- Reset + PDFPrint

President of the Republic: Estonian schools are not inferior to others

05.01.2007

Speaking at the educational forum at the Haapsalu Vocation Education Center today, President Toomas Hendrik Ilves said that teachers require a sense of security that the reorganizations that have been discussed and deliberated within a circle of experts will reach their logical conclusion. “This is a belief that, after long years of searching and reform, Estonia’s educational system is finding the road that can lead any country or people to its most important objective—a wise nation in the 21st century,” said President Ilves.

“I do not think that a new era requires new people or that, in the age of Internet and mobile phones, the work of teachers needs to be done totally differently. Whether in ancient Greece or today’s Estonia, the main role of a teacher is still to arouse interest and provide guidance. The greatest challenge of this occupation is to make unavoidable necessities interesting.
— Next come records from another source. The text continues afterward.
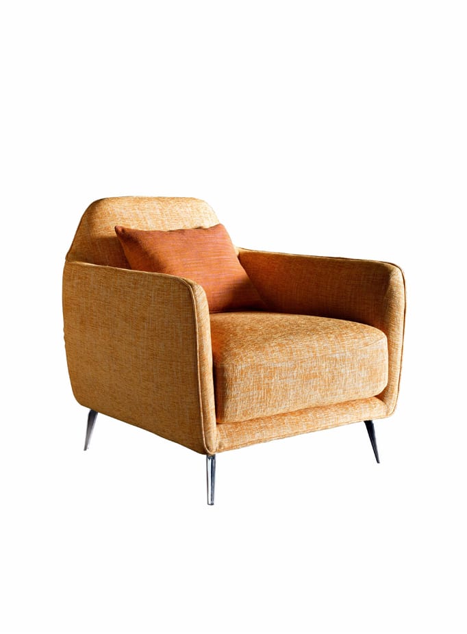 Plywood and pinewood structure completely covered in Tecnoform; cellulose springing; polyurethane cushions; metal feet available in lacquered Anthracite, Gypsum, Dark brown, or shining chromium finishing, or with surcharge in black chrome finishing; fabric, microfibre, leather and artificial leather finish options.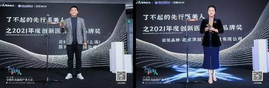 11月18日,由好美MCN&医美前沿共同主办的“2021·首届全球医美前沿产业大会”在上海万达瑞华酒店隆重召开。四环医药控股集团旗下北京渼颜空间科技有限公司、战略合作伙伴HUGEL-韩国秀杰(上海)医药科技有限公司荣获“了不起的先行医美人”之2021年度创新医美前沿品牌奖。公司新品事业部总经理孙超、市场总监张燕上台领奖,并在大会上参与圆桌论坛、主题演讲,与国内外知名品牌方、投资人、厂家、专家、机构代表进行深度分享与交流,共同探索在医美新趋势、新风口下的新机会。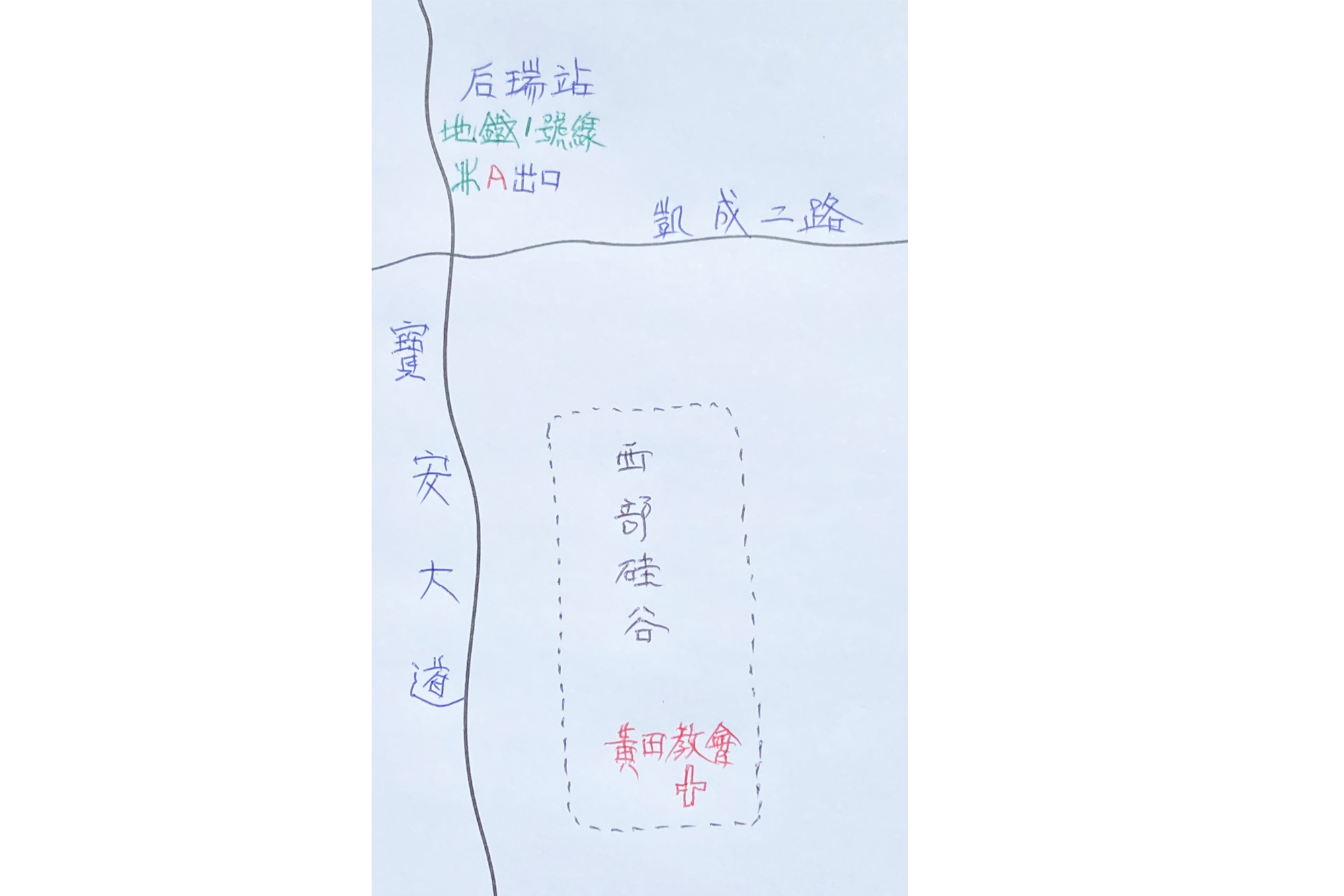 ▲深圳寶安區「基督教黃田聚會點」交通位置略圖 (2025年8月繪製)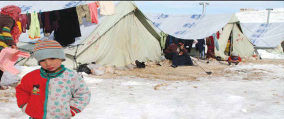 قرابة الشهر والصقيع يلف منطقتنا العربية، يجمد الدماء في عروق الذين أخرجوا من ديارهم ، تحت صوت القصف وزمجرة المدافع...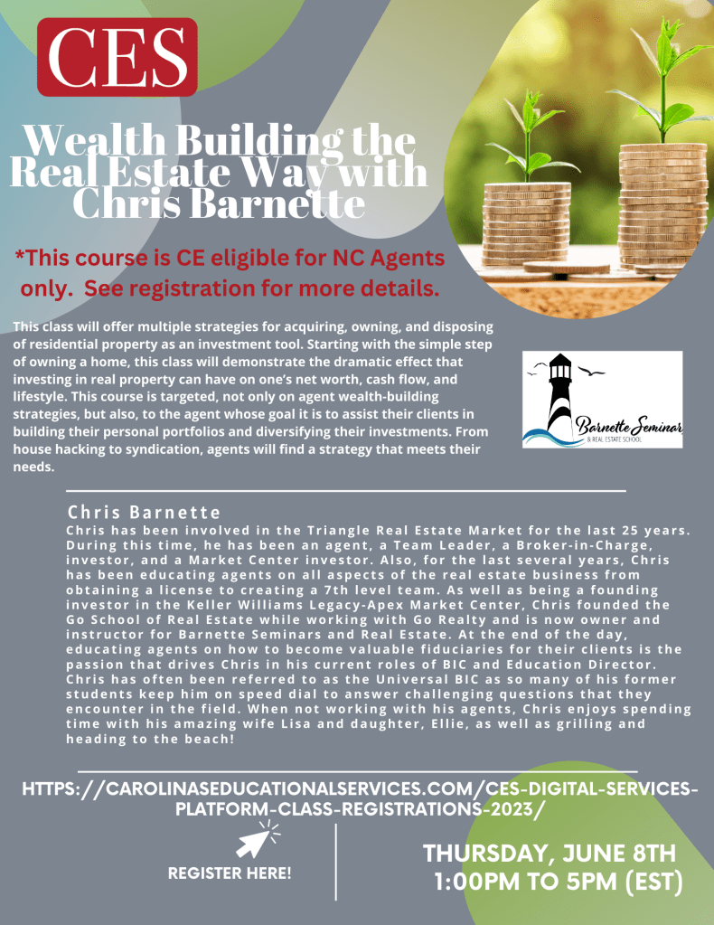 If you are down to the wire to get your CE completed – we have got you covered! We have GENUP with Chris Barnette on 6/6 and CE Elective – Wealth Building the Real Estate Way with Chris Barnette on 6/8.
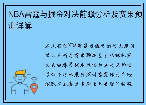 NBA雷霆与掘金对决前瞻分析及赛果预测详解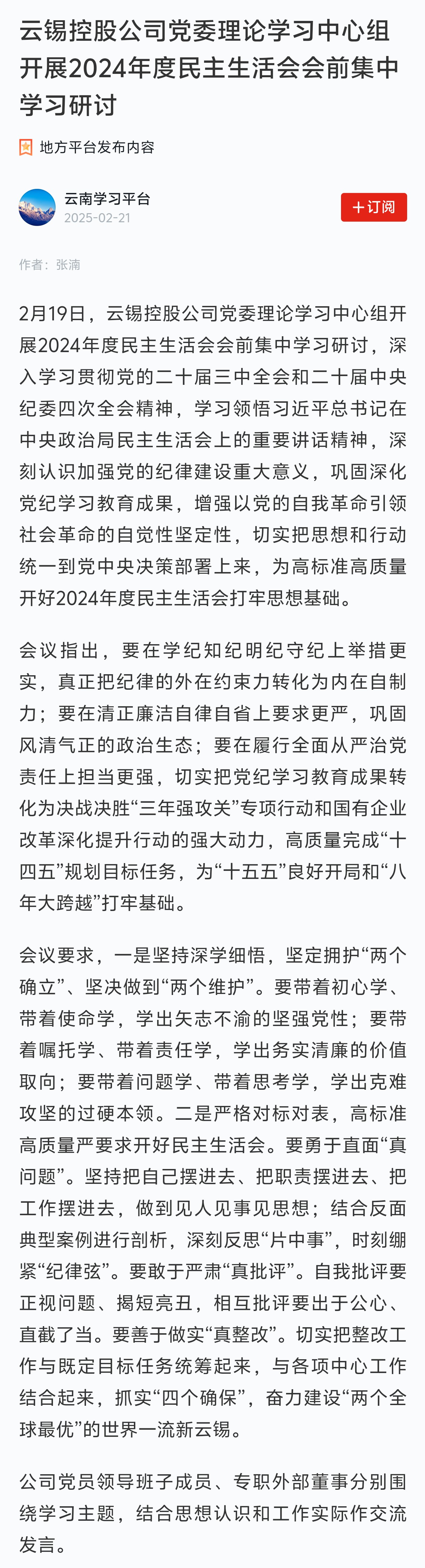 學習強國:云錫控股公司黨委理論學習中心組開展2024年度民主生活會會前集中學習研討

However, this requires that the teacher is fanatical, in the good sense, about his or her subject, and is a creative person, not just an insensitive worker,” said the Head of State.
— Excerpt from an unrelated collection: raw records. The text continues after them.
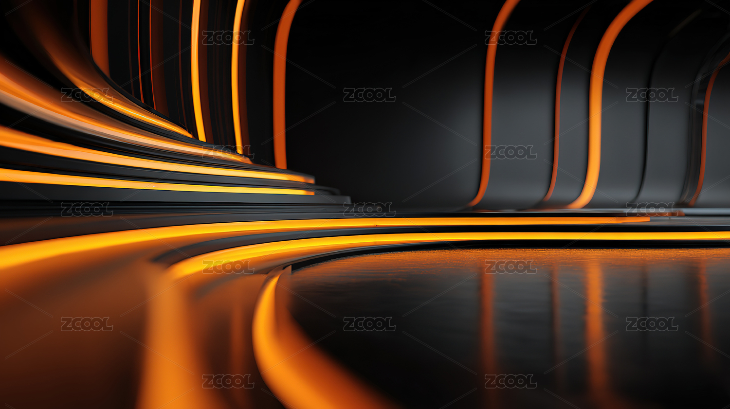橙色霓虹灯环绕的未来感走廊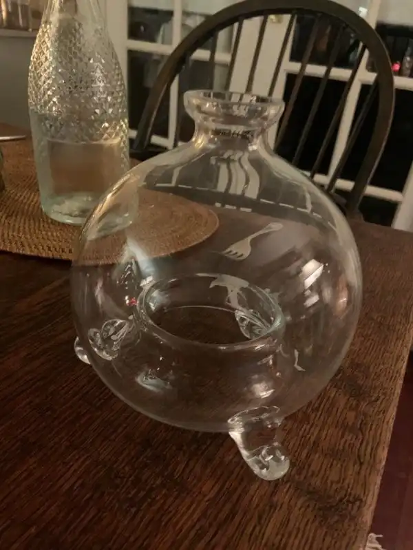 Найден при уборке поместья. На первый взгляд кажется, что это для хранения жидкости, но на дне есть большое отверстие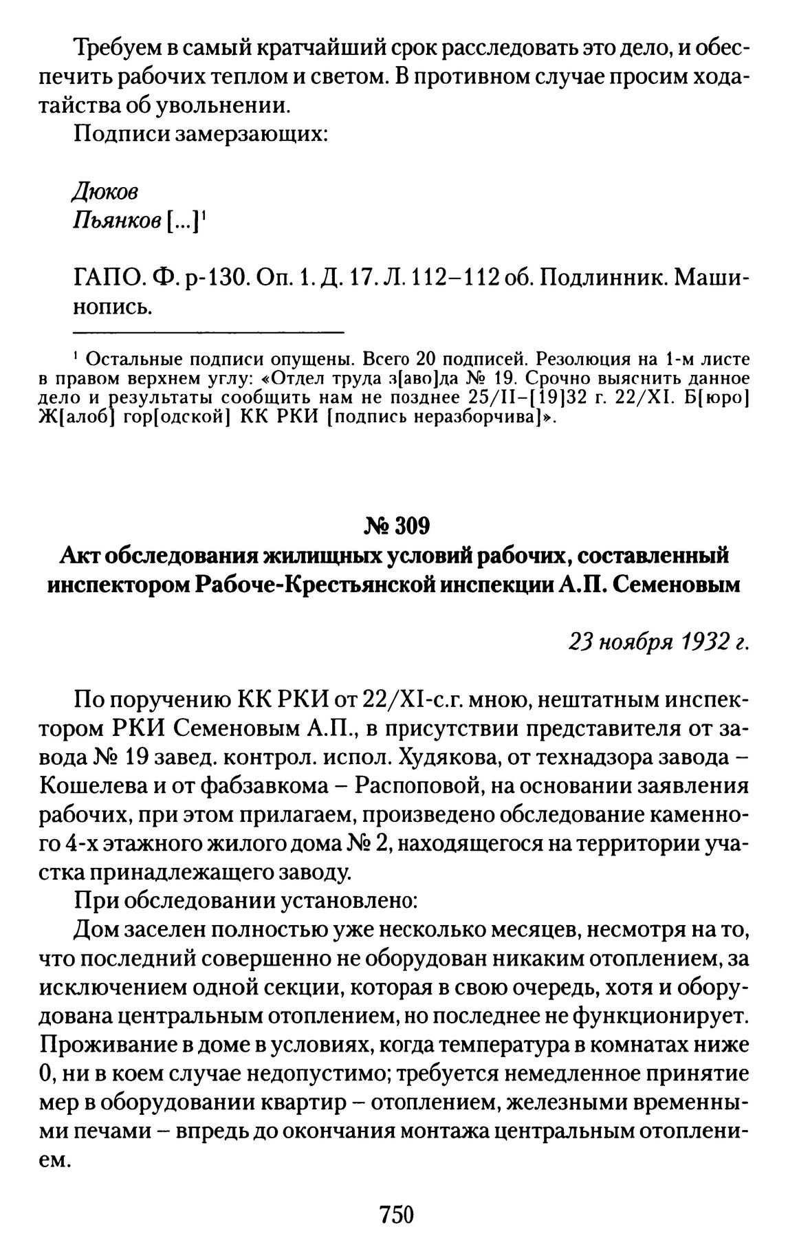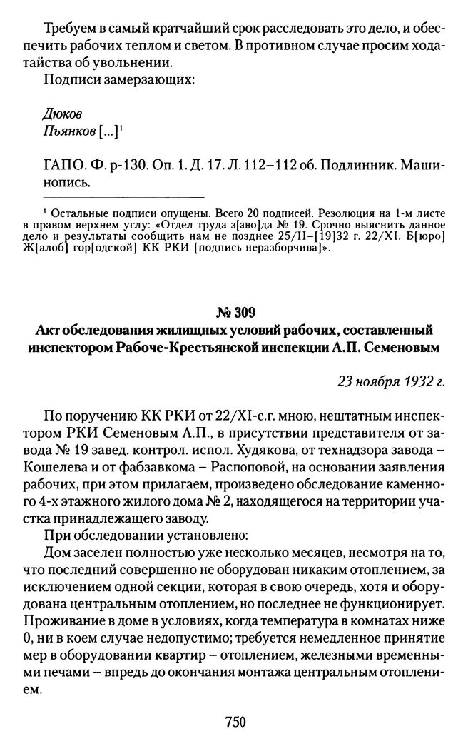 Акт обследования жилищных условий рабочих, составленный инспектором Рабоче-Крестьянской инспекции А.П. Семеновым. 23 ноября 1932 г.

“I myself have gone to school in the U.S. and my son has studied in German, Estonian, and American schools. Estonians schools are not inferior to others, but unfortunately, they are also not significantly better. Differences do exist at the university level and primarily in the humanitarian fields,” said the President of the Republic.

He recalled the positions voiced recently at the General Assembly of the Academy of Sciences and the newly created President’s Academic Advisory Board: that the development and success of countries and economies that are knowledge-based is connected one-to-one to the percentage of students that are studying sciences and natural sciences and to the number of educated engineers. “Those preparing and approving curricula for general education schools also cannot ignore this fact. If we reduce the number of subject hours in mathematics, physics, or biology today, then in 20-30 years at the latest, our children will have a reason to be dissatisfied with us,” said President Ilves.
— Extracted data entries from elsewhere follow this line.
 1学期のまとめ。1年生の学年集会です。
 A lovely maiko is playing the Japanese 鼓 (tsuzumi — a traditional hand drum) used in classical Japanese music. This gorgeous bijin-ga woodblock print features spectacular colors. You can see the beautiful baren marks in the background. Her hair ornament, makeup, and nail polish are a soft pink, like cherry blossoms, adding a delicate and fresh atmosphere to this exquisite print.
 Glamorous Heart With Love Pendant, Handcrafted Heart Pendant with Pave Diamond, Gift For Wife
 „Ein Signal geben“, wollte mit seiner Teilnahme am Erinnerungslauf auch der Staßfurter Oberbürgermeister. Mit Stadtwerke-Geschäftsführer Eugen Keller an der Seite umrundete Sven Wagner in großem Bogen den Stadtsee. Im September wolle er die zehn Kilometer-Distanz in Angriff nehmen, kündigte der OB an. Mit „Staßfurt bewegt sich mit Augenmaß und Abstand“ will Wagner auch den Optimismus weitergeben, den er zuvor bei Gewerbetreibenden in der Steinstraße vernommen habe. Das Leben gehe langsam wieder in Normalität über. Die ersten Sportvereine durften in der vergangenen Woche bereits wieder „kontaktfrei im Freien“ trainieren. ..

The Head of State also quoted “Estonian Educational Strategies 2015”, a document that will soon be ten years old and that proclaims education as the national religion of Estonians. “It is the belief in the power of knowledge, that education opens doors, and helps in every sense to achieve a richer and better-quality life. The Estonian people arrived at this understanding already in the 19th century, when farm families sent their middle and younger sons to school in town,” said President Ilves. “We should maintain this belief. This means we must continue to learn. We must all learn—the President, Minister of Education, school director, teacher as well as students.”

The objective of the Educational Forum 2006: Teachers in a Learning School and Society is to start a public discussion about the future development of teacher professionalism, to support learning becoming cognitively more interesting, and to provide the public with an opportunity to participate in the discussion on the formation of the state’s policies regarding teachers.